## Data to examine
┌────────
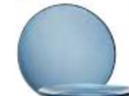
Organic Glass Plate GLBLOP291 29.5cm 11 1/2" CTN QTY 6
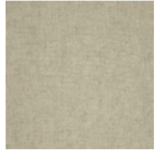
0616-30 SMART - VERVEINE
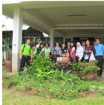
Nakornsithammarat Vocational Rehabilitation Center
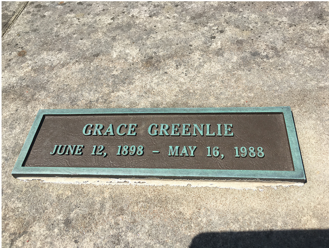
5. Example of name plaque mounted to wall cap
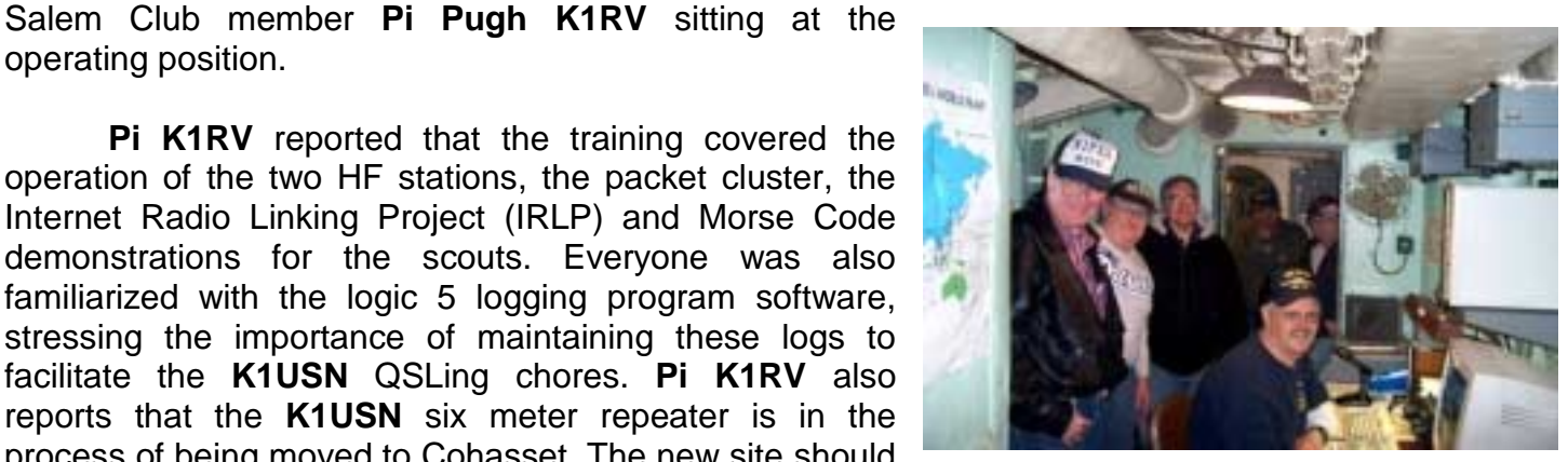
CREW AT THE USS SALEM

Pi K1RV reported that the training covered the operation of the two HF stations, the packet cluster, the Internet Radio Linking Project (IRLP) and Morse Code demonstrations for the scouts. Everyone was also familiarized with the logic 5 logging program software, stressing the importance of maintaining these logs to facilitate the K1USN QSLing chores. Pi K1RV also reports that the K1USN six meter repeater is in the process of being moved to Cohasset. The new site should greatly improve the 6 meter coverage.
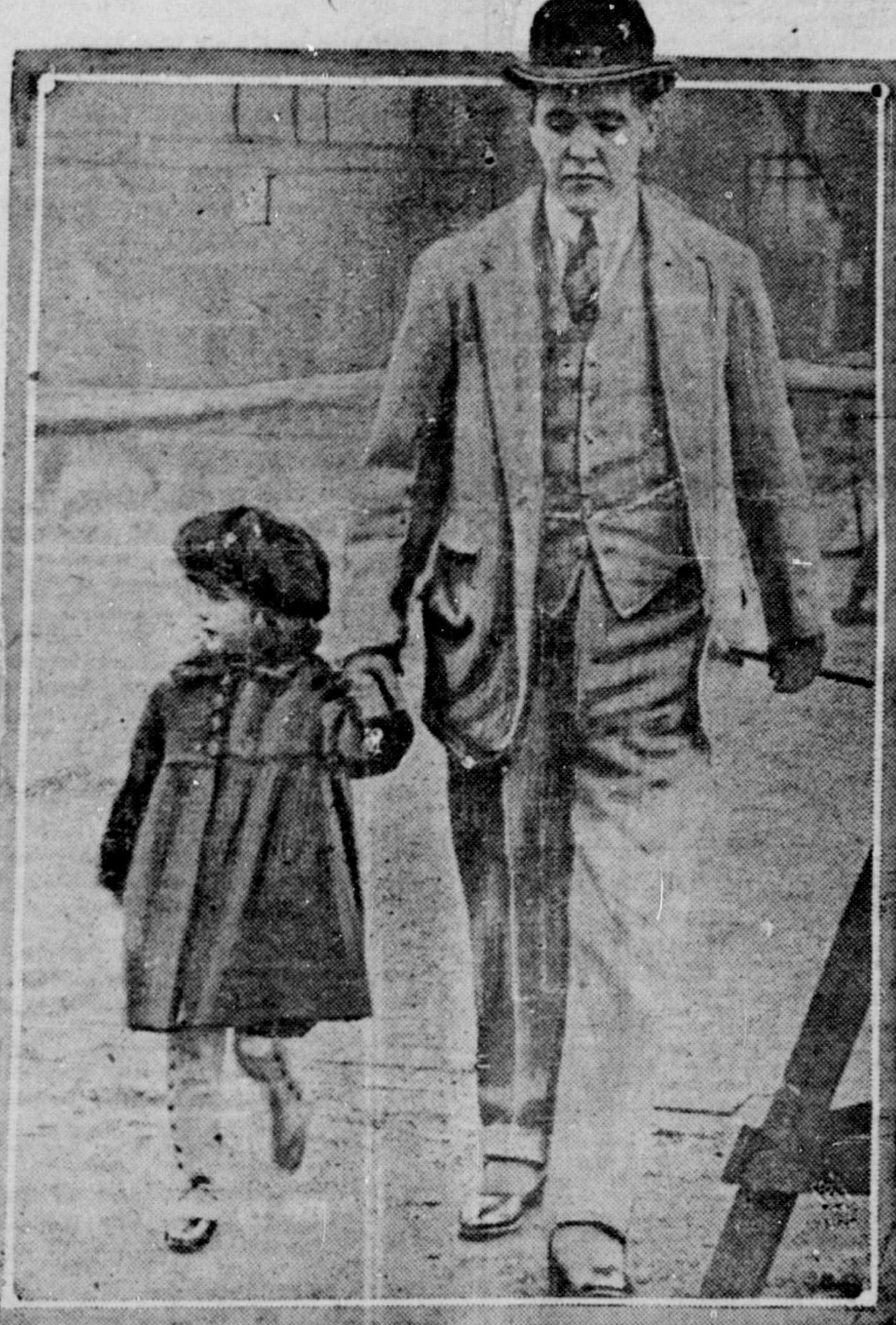
Lord Birkenhead, who is shown with his daughter on a stroll in Hyde Park, London, presides over the House of Lords in his function as Lord Chancellor. He is better known in America as Sir F. E. Smith.
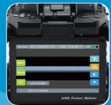
4.3" touch screen
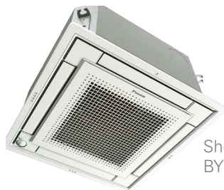
Shown with panel BYFQ60C2W1W
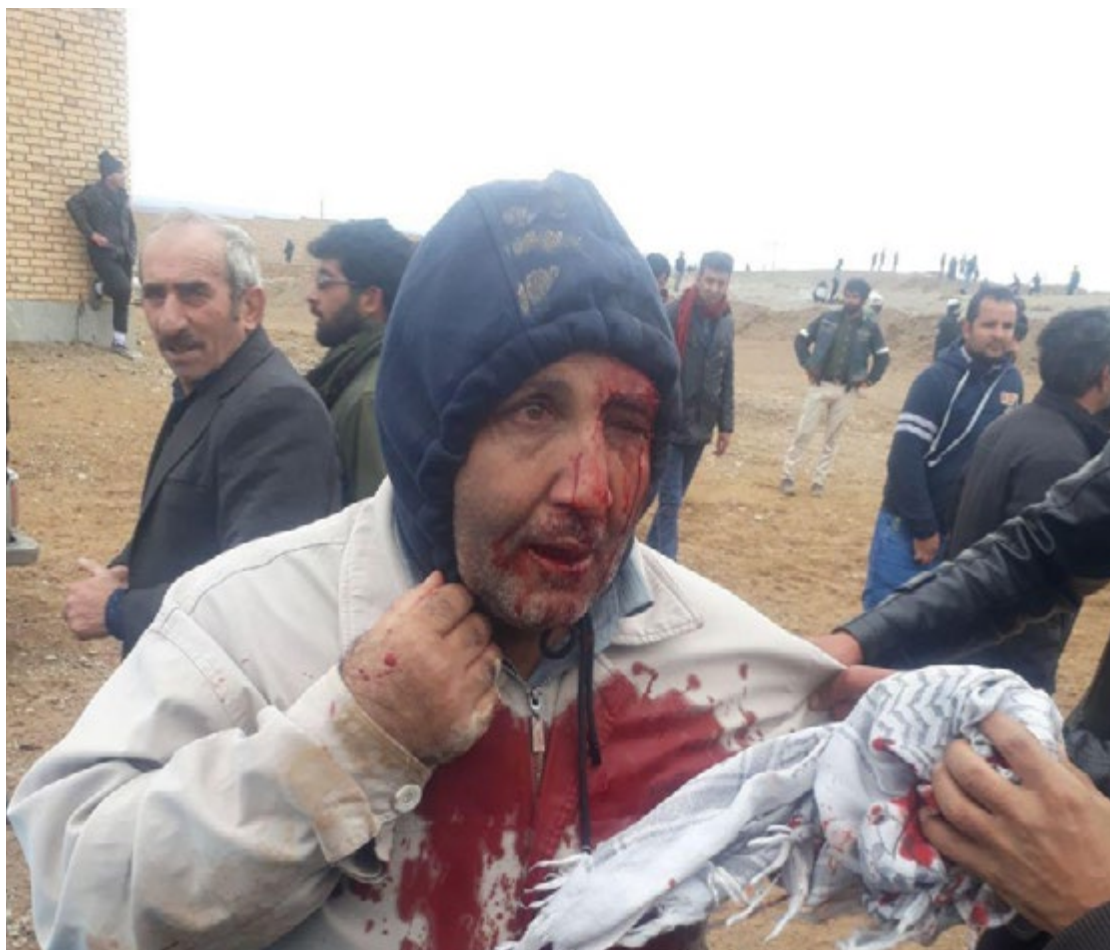
Police attacks Isfahan farmers protests.

The Islamic Republic's reaction to the workers' demands is a police and "national security" approach. On November 26, 2018, the head of the judiciary, Sadegh Amoli Larijani, threatened the workers saying the "enemy" intends to use the tool of "labor demands" to undermine the government. Just one month before the workers' threat by the highest judicial authority in Iran, on October 27, Mohammad Shariatmadari replaced Ali Rabiei in the position of the Ministry of Cooperatives, Labor and Social Welfare. Rabiei had been impeached and dismissed in the parliament in the summer of 2018. Rabiei and Shariatmadari are similar in the sense that they both come from the security apparatuses and have work experience in intelligence institutions.
└────────
## Try it
Transcribe exactly the lines from the one holding "Nakornsithammarat Vocational Rehabilitation" through the final line of the material above, both ends included; any pictures should be dropped.

## Task response
Nakornsithammarat Vocational Rehabilitation Center
5. Example of name plaque mounted to wall cap
CREW AT THE USS SALEM

Pi K1RV reported that the training covered the operation of the two HF stations, the packet cluster, the Internet Radio Linking Project (IRLP) and Morse Code demonstrations for the scouts. Everyone was also familiarized with the logic 5 logging program software, stressing the importance of maintaining these logs to facilitate the K1USN QSLing chores. Pi K1RV also reports that the K1USN six meter repeater is in the process of being moved to Cohasset. The new site should greatly improve the 6 meter coverage.
Lord Birkenhead, who is shown with his daughter on a stroll in Hyde Park, London, presides over the House of Lords in his function as Lord Chancellor. He is better known in America as Sir F. E. Smith.
4.3" touch screen
Shown with panel BYFQ60C2W1W
Police attacks Isfahan farmers protests.

The Islamic Republic's reaction to the workers' demands is a police and "national security" approach. On November 26, 2018, the head of the judiciary, Sadegh Amoli Larijani, threatened the workers saying the "enemy" intends to use the tool of "labor demands" to undermine the government. Just one month before the workers' threat by the highest judicial authority in Iran, on October 27, Mohammad Shariatmadari replaced Ali Rabiei in the position of the Ministry of Cooperatives, Labor and Social Welfare. Rabiei had been impeached and dismissed in the parliament in the summer of 2018. Rabiei and Shariatmadari are similar in the sense that they both come from the security apparatuses and have work experience in intelligence institutions.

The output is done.